At the same time, I have fought to stay close with my friends and my sister even as they have prioritized romantic relationships. This has not always been easy. I’ve had to discharge feelings of hating them, feeling like I just want to abandon them like they’ve “abandoned” me. It’s been worth it to do that work. I’m glad that I still have my friends and my sister close, even as they’ve become partnered. And I still have more work to do.
HAVING CHILDREN
I have set up my life so I am around a lot of young people. I’m a postpartum doula, a nanny in the summer, a middle and high school counselor during the school year, a godmother of seven, and an aunt of an infant. I play an important role in many young people’s lives. I also very much want to raise my own child. I can get excited thinking about becoming a “single mom by choice” and building my own “village” to support my child and me. At the same time, do I want to knowingly take on [accept the burden of] multiple humongous [huge] oppressions?
MORE ON BEING SINGLE
While I see more room for singlehood in the LGBQT community than in the heterosexual world, being single in the LGBQT community can still be quite isolating. I don’t feel very connected to the U.S. LGBQT movement’s focus on marriage equality, which seems to me like a way to further cement privileges given by marriage rather than fighting for rights that should be universal. (For example, I don’t think we should need to be married to get decent healthcare, avoid deportation, or visit someone in the hospital.)

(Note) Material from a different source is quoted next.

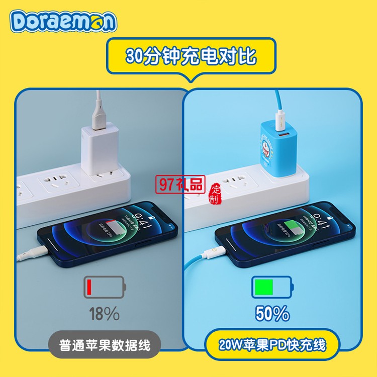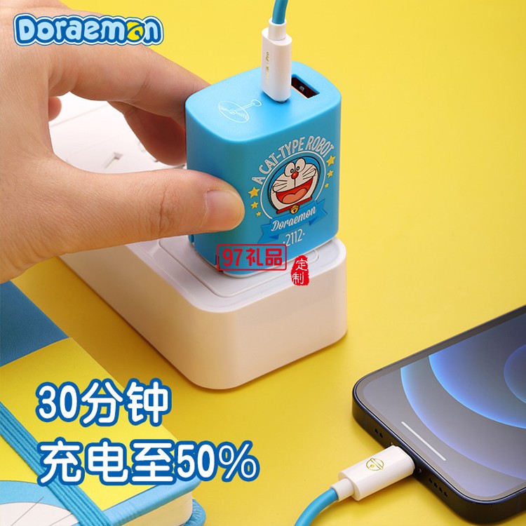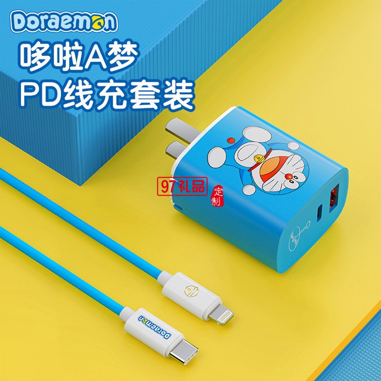 哆啦A夢(mèng) 數(shù)據(jù)線+雙口20W快充充電器定制公司廣告禮品

I am slowly, slowly trying to move some of my material [distress] about sex and my body that keeps me avoiding romantic relationships. While I’m sure I am actually terrified, the main emotion that comes up when I try to even think about dating someone is boredom. Why awkwardly hang out [spend unstructured time] with a stranger when I could hang out with a friend I already know I like? Or have a session? Or go to a political meeting? Or—I don’t know—literally anything else?
At a young adult workshop, I was in a topic group for “women who have been single for a long time.” Three of us, who were all from different countries and had three different primary languages, attended. The contradiction [to distress] of just being around each other and noticing there was nothing wrong with any of us led to lots of discharge for all of us.
I recently got a text from a dear friend whom I have known since we were eleven and I currently see about once a year. She wrote, “Dating is the worst. I need your level-headed perspective on what society tells us we need and why it’s all bullshit [nonsense].” I like that I can hold that perspective out for people, and for myself.